On the faculty side of the budget, Killeen noted that, despite the financial constraints the pandemic has put on the university, there have been nor faculty layoffs or furloughs — although there was no pay raise this year either. However, some faculty members opted for a “voluntary salary decrease.” 

Killeen discussed a recently-launched partnership with the University of Toronto in Canada. On Oct. 29, the University of Illinois System, the Council of the Great Lakes Region and the University of Toronto signed a memorandum of understanding officially launching the binational Great Lakes Higher Education Consortium. The partnership was launched with the intention to strengthen higher-ed across the Great Lakes region and provide a platform for institutions of higher education to collaborate across borders on socioeconomic and environmental issues.
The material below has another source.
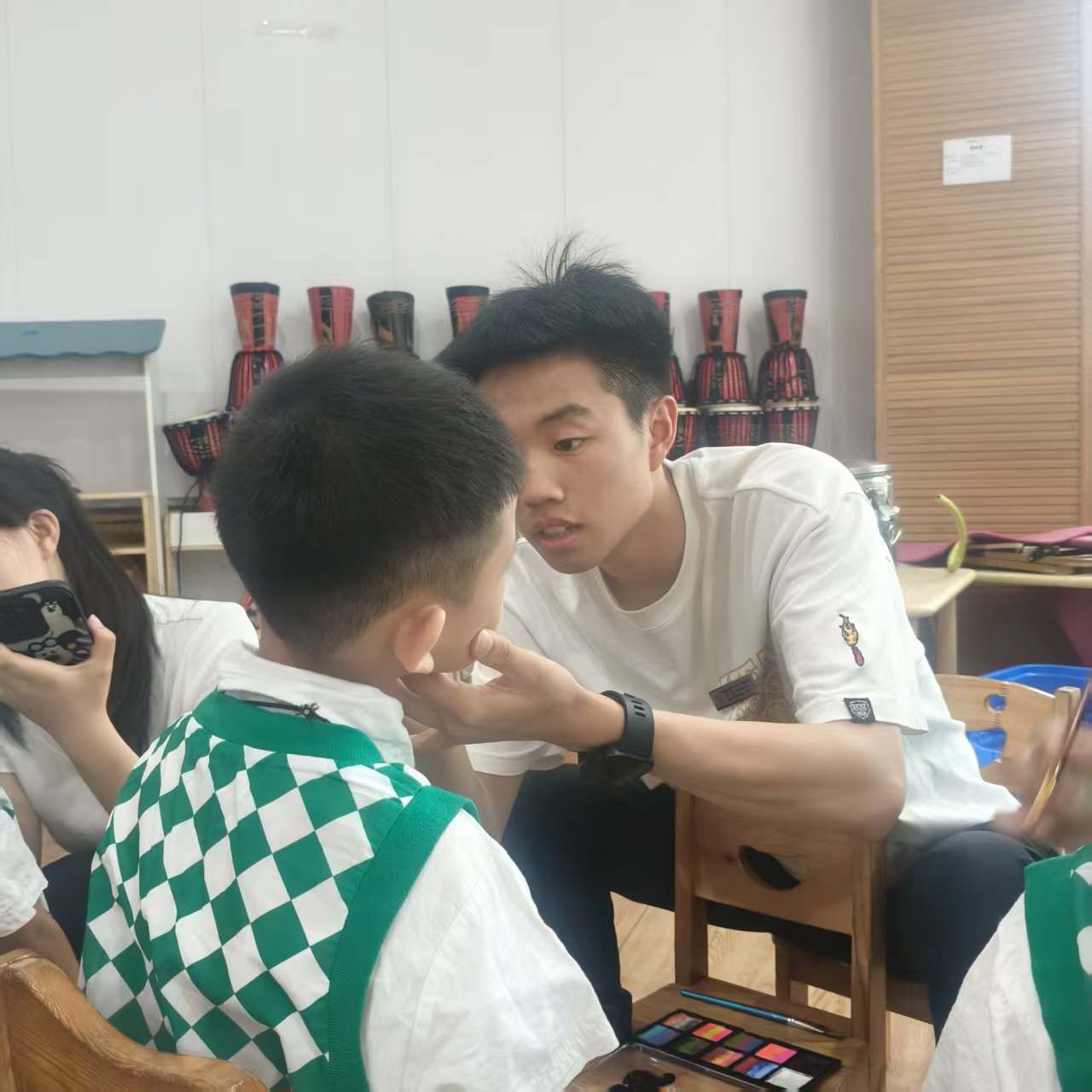 除了为孩子们化妆,志愿者们还积极与孩子们亲切互动,趣味小游戏轮番上演,幼儿园内充满了欢声笑语。志愿者们蹲下身子,耐心倾听孩子们的奇思妙想,与他们一起畅想六一表演的精彩瞬间,给予孩子们满满的鼓励与支持,让他们对即将到来的演出充满憧憬。

Killeen also discussed another international partnership between the University of Illinois at Chicago and Monterrey Institute of Technology in Mexico. This partnership was created to strengthen collaboration between faculty and students amongst the two universities.

Towards the end of the meeting, Chair of the Senate Executive Committee Robin Kar opened an opportunity for faculty senate members to ask Killeen questions and address any concerns. 

Some concerns brought up by faculty included addressing student and faculty mental health and morale, encouraging fellow faculty members to listen to students and be flexible during this second hybrid semester, emphasizing a need for competitive pay-increase to retain faculty members and to show support for graduate students. 

Kar also opened an opportunity for public comment. However, there were no public comments to be made. The Senate meets every Monday and is available to the public through live stream.